Annual influenza vaccination reduces morbidity and mortality of influenza in the elderly by 50%. This beneficial effect is felt to be the result of prevention of airway epithelial damage predisposing to subsequent bacterial infection caused by the virus. The beneficial effect of pneumococcal vaccine in patients with COPD has not been firmly established. The vaccine provides partial protection against bacteremic pneumococcal pneumonia but not against bronchitis. However, current recommendations are that patients with COPD receive a pneumococcal vaccine at least once in their life and consideration be given to repeating the vaccine especially in high-risk patients or those that have reduced or declining pneumococcal antibody levels. Respiratory syncytial virus (RSV) vaccination is now available for patients over 60 years old who have comorbid illnesses that place them at higher risk for the impact of RSV infection. Additional effective prevention of exacerbations has been achieved through the use of three times weekly macrolide antibiotic therapy.
Symptomatic Therapy
Generally, a combination of inhaled anticholinergic with inhaled b-agonist is used in the treatment of acute exacerbations of COPD. The method of delivery of inhaled bronchodilators has not been shown to influence clinically significant outcomes. The long-term administration of inhaled anticholinergics does not alter the prognosis of COPD. The addition of inhaled corticosteroids is useful in preventing exacerbations when circulating or sputum eosinophils are elevated. Oxygen therapy to maintain arterial oxygen saturation >90% may be required. Pulmonary rehabilitation programs have been demonstrated to improve quality of life for patients with COPD and are generally recommended.

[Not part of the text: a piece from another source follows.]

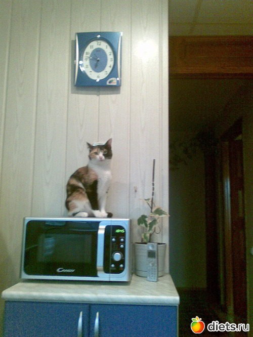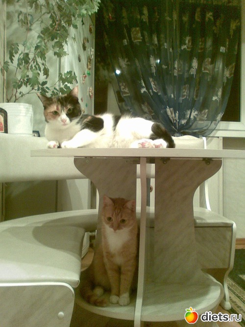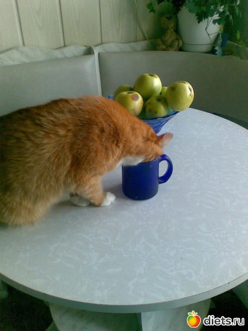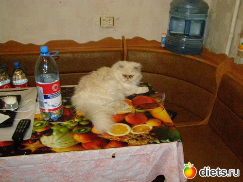 Моя сидит на столе, да еще из моей тарелки еду пытается стащить.

Retrospective reviews of patients presenting to the emergency department with AECOPD show a clear benefit in the group treated with corticosteroids. Faster improvement of pulmonary function tests utilizing parenteral corticosteroids during acute exacerbations of COPD has been reported. The results of the Systemic Corticosteroids in COPD Exacerbation (SCCOPE) clinical trial confirm this observation and the investigators also report that treatment failures and length of hospital stay are reduced. Short-term use of corticosteroids has been generally advocated in acute exacerbations, although it is only recently that this has been supported by randomized clinical trials. A short course (2 weeks) of prednisone results in a more rapid improvement in FEV1, reduced rate of deterioration and shortened hospital stay; it also prevents relapses. The optimal dose and duration are unclear, but no benefit was noted with an 8-week course compared with 2 weeks. A 2014 Cochrane review of 16 studies (and more than 1700 patients) on the use of systemic corticosteroids in AECOPD found that systemic corticosteroids significantly improved several outcomes, including decreasing treatment failure, decreasing relapse after treatment, and improving lung function, symptoms of breathlessness and blood gases.
Noninvasive mechanical ventilation should be considered for patients with an AECOPD demonstrating hypercapnic respiratory failure despite initial therapy with bronchodilators. Outcomes are improved if this therapy is delivered in units that provide adequate cardiopulmonary monitoring in the intensive care unit. Noninvasive mechanical ventilation is not helpful in patients with milder exacerbations (pH >7.35) or in those with very severe exacerbations (pH <7.20), somnolence, or excessive secretions. For patients who demonstrate progressive deterioration despite aggressive medical measures, intubation and mechanical ventilation may be lifesaving.